[WHAT YOU NEED TO DO] Write out, exactly and in full, the line where "You may discard" appears together with all lines that follow it in the entries below. Do not include pictures.

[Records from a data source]

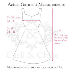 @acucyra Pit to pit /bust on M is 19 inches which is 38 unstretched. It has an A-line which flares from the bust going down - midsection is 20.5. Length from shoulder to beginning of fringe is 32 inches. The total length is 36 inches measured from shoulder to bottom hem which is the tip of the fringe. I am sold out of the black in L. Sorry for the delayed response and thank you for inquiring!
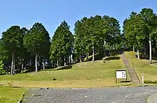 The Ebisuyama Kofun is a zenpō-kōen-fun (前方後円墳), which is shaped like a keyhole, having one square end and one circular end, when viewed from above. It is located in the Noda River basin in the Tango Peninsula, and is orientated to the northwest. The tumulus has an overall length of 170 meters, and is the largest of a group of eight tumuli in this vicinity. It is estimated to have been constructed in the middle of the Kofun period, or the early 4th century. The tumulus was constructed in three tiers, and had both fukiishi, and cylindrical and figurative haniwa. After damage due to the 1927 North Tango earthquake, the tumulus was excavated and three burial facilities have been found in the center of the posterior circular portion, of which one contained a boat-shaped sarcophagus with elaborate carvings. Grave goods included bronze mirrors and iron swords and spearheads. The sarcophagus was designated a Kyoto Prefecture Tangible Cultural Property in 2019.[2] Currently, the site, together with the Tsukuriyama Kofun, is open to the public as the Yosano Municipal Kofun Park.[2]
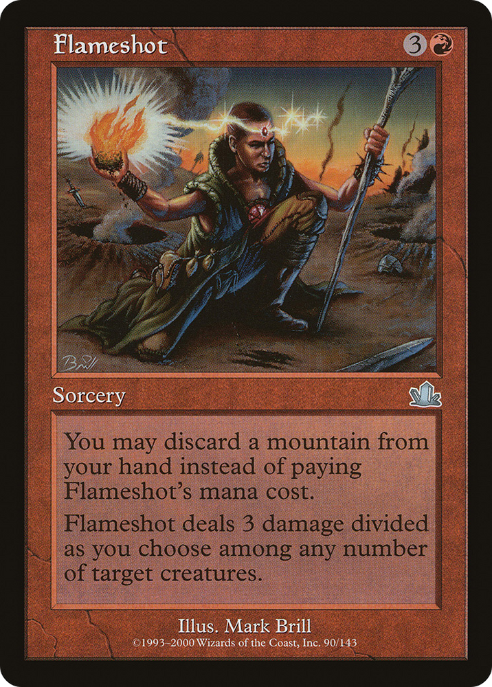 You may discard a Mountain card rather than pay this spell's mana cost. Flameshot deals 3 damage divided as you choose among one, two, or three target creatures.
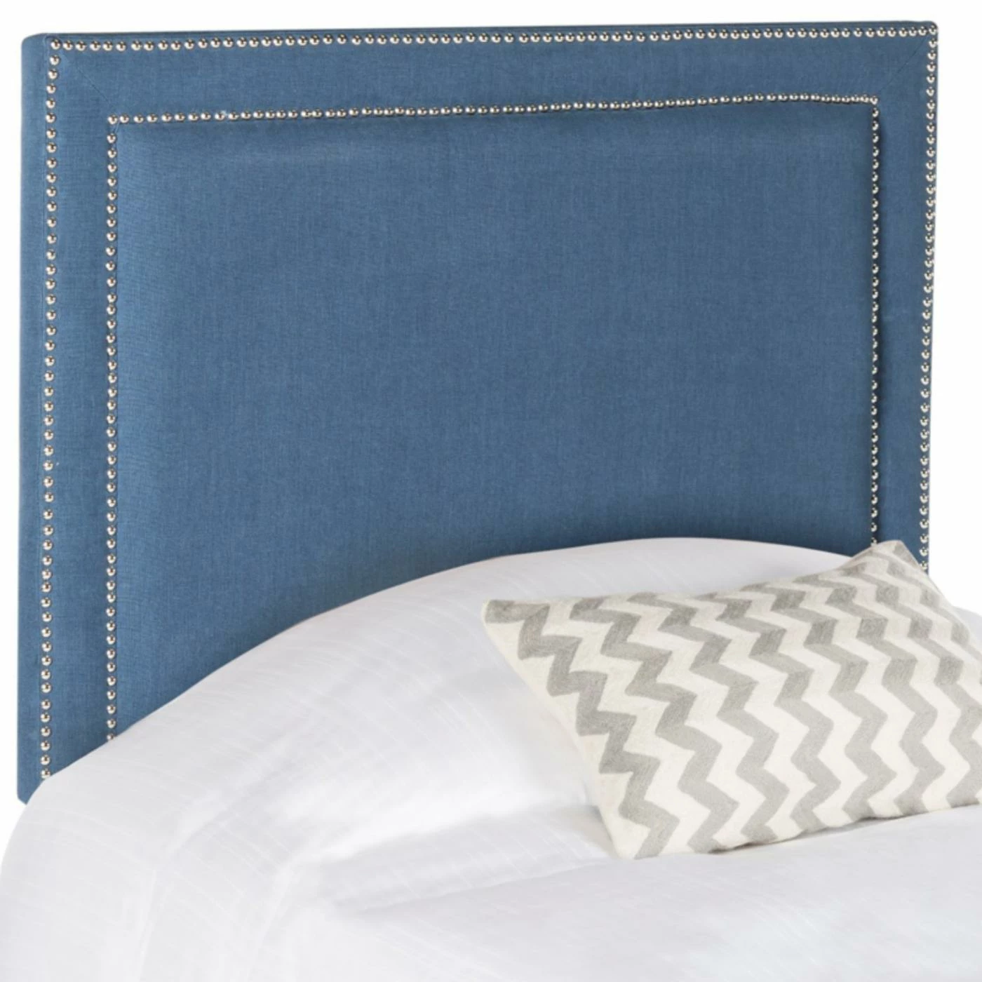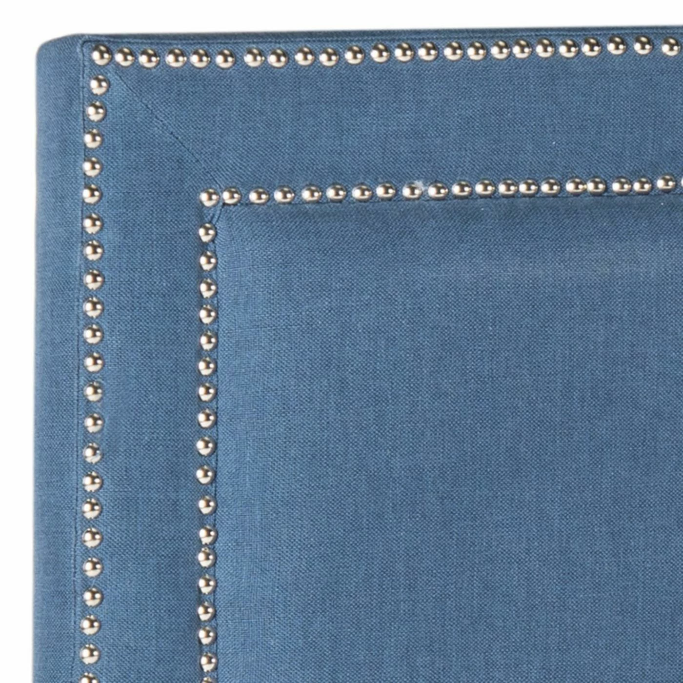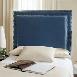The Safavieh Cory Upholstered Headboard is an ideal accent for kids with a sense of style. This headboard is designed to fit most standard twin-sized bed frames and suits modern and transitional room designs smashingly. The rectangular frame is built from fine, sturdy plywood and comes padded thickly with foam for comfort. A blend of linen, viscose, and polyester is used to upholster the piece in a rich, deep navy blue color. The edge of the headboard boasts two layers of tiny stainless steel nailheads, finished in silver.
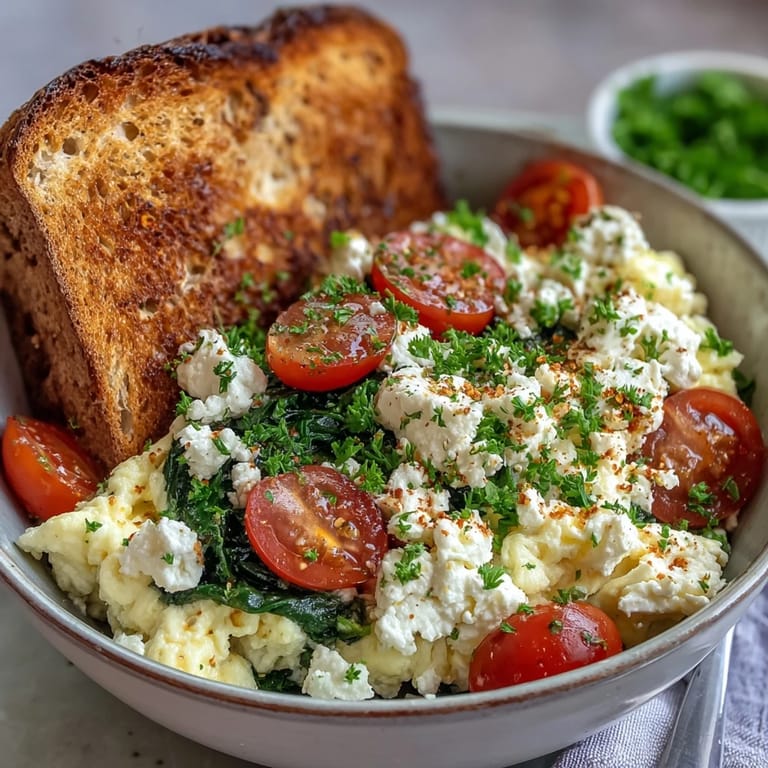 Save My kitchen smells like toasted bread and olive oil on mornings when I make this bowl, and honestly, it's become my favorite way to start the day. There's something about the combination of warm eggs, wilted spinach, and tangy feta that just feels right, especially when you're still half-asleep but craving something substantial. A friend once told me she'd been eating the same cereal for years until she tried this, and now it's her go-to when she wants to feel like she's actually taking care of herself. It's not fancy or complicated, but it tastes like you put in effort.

[ANSWER SPACE]
 You may discard a Mountain card rather than pay this spell's mana cost. Flameshot deals 3 damage divided as you choose among one, two, or three target creatures.
The Safavieh Cory Upholstered Headboard is an ideal accent for kids with a sense of style. This headboard is designed to fit most standard twin-sized bed frames and suits modern and transitional room designs smashingly. The rectangular frame is built from fine, sturdy plywood and comes padded thickly with foam for comfort. A blend of linen, viscose, and polyester is used to upholster the piece in a rich, deep navy blue color. The edge of the headboard boasts two layers of tiny stainless steel nailheads, finished in silver.
 Save My kitchen smells like toasted bread and olive oil on mornings when I make this bowl, and honestly, it's become my favorite way to start the day. There's something about the combination of warm eggs, wilted spinach, and tangy feta that just feels right, especially when you're still half-asleep but craving something substantial. A friend once told me she'd been eating the same cereal for years until she tried this, and now it's her go-to when she wants to feel like she's actually taking care of herself. It's not fancy or complicated, but it tastes like you put in effort.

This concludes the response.